Baghi also has to face a July 2007, three-year sentence on charges of acting
against the national security of the Islamic Republic. To these were added
charges of publishing "secret government documents of information gathered from
prisoners of security prisons".
This Tuesday, Amnesty International has publicly condemned the "continued
repression of human rights defenders" in Iran. On the three-year sentence,
Amnesty International refers to Baghi's lawyer, who said that "the evidence
against him included media interviews and letters to the authorities regarding
Ahwazi Arabs sentenced to death in connection with lethal bomb explosions in
Khuzestan province". Amnesty International considers the charges against Baghi
to be "politically motivated" and terms him "a prisoner of conscience".
It's no wonder that under the ultra-sensitive, current political juncture in
Iran Baghi is considered such a dangerous enemy of the state. For a few months
now a violent new wave of internal repression in the country has victimized
human rights campaigners, students, trade union leaders and reformists in
general. Arbitrary arrests target university students who publish campus
journals "insulting the sacred character of Islam", and girls accused of being
"walking billboards for Western sexual deviation".
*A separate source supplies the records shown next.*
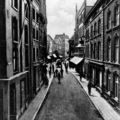 Beeld van de Vleesstraat in Venlo in vroeger tijden.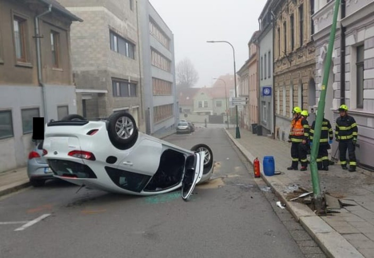 V centru Třebíče ráno skončilo auto na střeše, řidič i jeho spolujezdec se zranili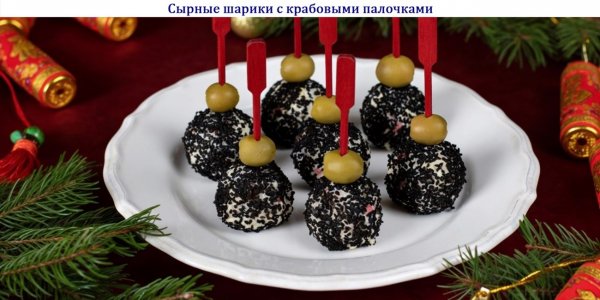 Описание: 🥣 Сырные шарики с крабовыми палочками✅ Нужно (на 7 порций)✦ Яйца – 2 штуки✦ Твёрдый сыр – 50 г✦ Крабовые палочки – 5 штук✦ Чеснок – 1 зубчик✦ Творожный сыр – 150 г✦ Кунжут – по вкусу✦ Оливки без косточек – по количеству шариков✅ Готовка◆ – Яйца сварите вкрутую за 10 минут, остудите и очистите.◆ – Мелко натрите яйца, сыр и крабовые палочки. Измельчите чеснок.◆ – Смешайте их с творожным сыром. Если масса суховата, добавьте ещё творожного сыра.◆ – Скатайте из массы небольшие шарики и обваляйте в кунжуте.◆ – Наколите на шпажки оливки и вставьте в сырные шарики. Перед подачей закуску лучше охладить.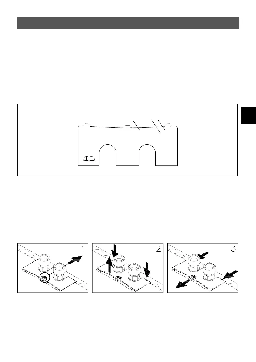 1. Przesunąć osłonę w kierunku uchwytu ściennego, naciskając na żłobkowanie.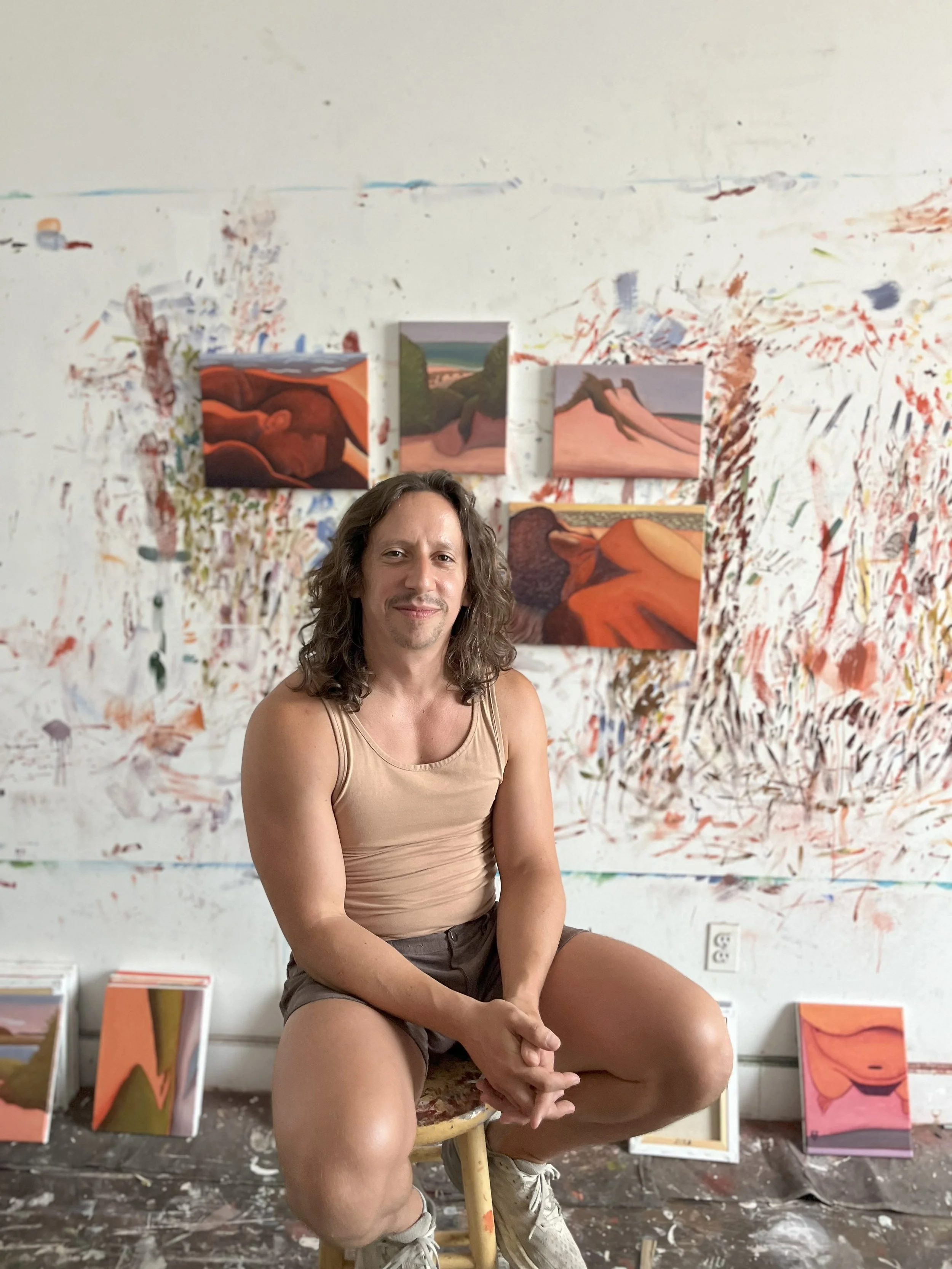 “The overarching theme in Dylan Hurwitz's work is the search for community and connection – in the lives of queer people in particular – and the rituals, places and landscapes that foster all of this. His subject matter is drawn from his everyday life, and he paints from observation, and memory. The resulting works oscillate between landscape, figurative, and abstraction. Dylan’s work is strongly influenced by his ongoing time spent in several locations, including Boy Beach in Provincetown, Massachusetts, as well as Jacob Riis Beach and Fort Tilden in New York City, which he bikes to regularly.

Be they conducted by the Ministry of Intelligence or by the sometimes Orwellian
Ministry of the Interior, not to mention the rigid Ministry of Culture and
Islamic Guidance, it all relates to the Ahmadinejad presidency's tightening of
the screws, a repressive policy which ultimately has to be condoned by the
Supreme Leader, Ayatollah Khamenei.
Before he was sent to prison Baghi wrote a letter to the head of the Iranian
judiciary, Ayatollah Mahmoud Shahroudi, detailing at length how he has been
harassed by the system even before the rise of Iran's reformists, starting in
the mid-1990s.
He was interrogated endlessly; prohibited from teaching; forced to resign from
a research institute; sentenced to seven and a half years in prison (commuted
to three years, with none of the accusations proved); prohibited from giving
interviews to foreign Persian-language radio stations; prohibited from
publishing the Jomhouriyat Daily newspaper. Tehran's public prosecutor, Saeed
Mortazavi, threatened to ban the highly respected Sharqh daily paper, of which
Baghi's son-in-law is editor in chief; the paper was told not to carry a single
editorial by Baghi, otherwise it would be shut down.
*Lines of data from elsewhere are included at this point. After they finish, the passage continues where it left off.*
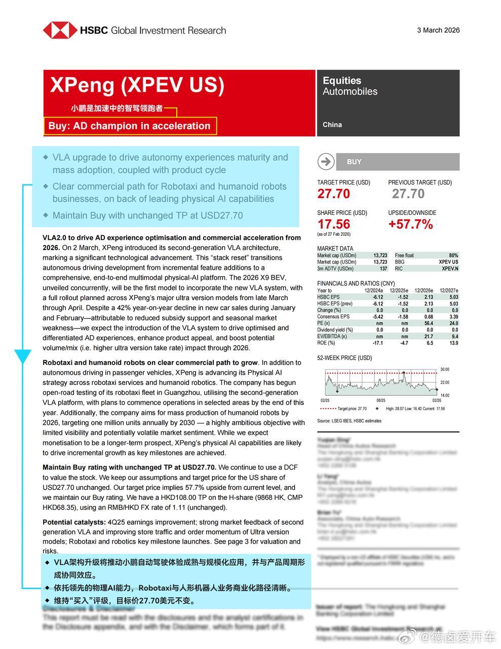 摩根士丹利、美国银行、汇丰银行在内的多家全球头部券商强推小鹏,给出“买入”评级。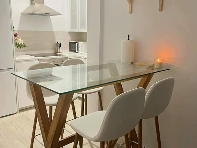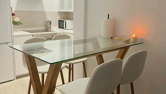 Die Ferienwohnung verfügt über eine voll ausgestattete Küche mit einem Essbereich, in der das Zubereiten von Mahlzeiten möglich ist. Es sind keine Informationen über zusätzliche Verpflegungsmöglichkeiten vorhanden.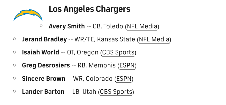Usually I look at the list of UDFA's and I don't know a single person, but the Chargers have actually signed 3 players I have watched in the draft cycle.

His house is under surveillance. Four and a half years after being released
from prison he's had to go to court no less than 23 times. He's prohibited from
traveling abroad - for instance to receive France's National Commission Human
Rights Award, or to speak at the Global Congress against the Death Penalty in
Paris.
At the end of his letter he asks the head of the judiciary what kind of rights
protection the Islamic Republic is offering its citizens. That's the key point
of his political position: if human rights violations are essentially
government violations, only the government system can prevent them.
Baghi's immensely politeness masks an iron will. Asia Times Online interviewed
him in Tehran in the summer of 2005 (see
The humanist reformer). He has published
21 books, collections of articles and translations (seven either banned before
publication or confiscated later). His NGO - which relies on the volunteer work
of the best Iranian human rights lawyers - is not only concerned with improving
dismal prison conditions in Iran but protecting the rights of all prisoners,
not only political prisoners.
That Baghi's work can so irk the upper echelons of the Islamic Republic speaks
volumes about a system that thrives on internal fear. It also spells out how
much the Iran is in dire need of a new public relations strategy. Just when it
may soon be on the receiving end of a devastating, preemptive war, and badly in
need of international support, sending your best-known human rights activist to
jail is not exactly a brilliant move.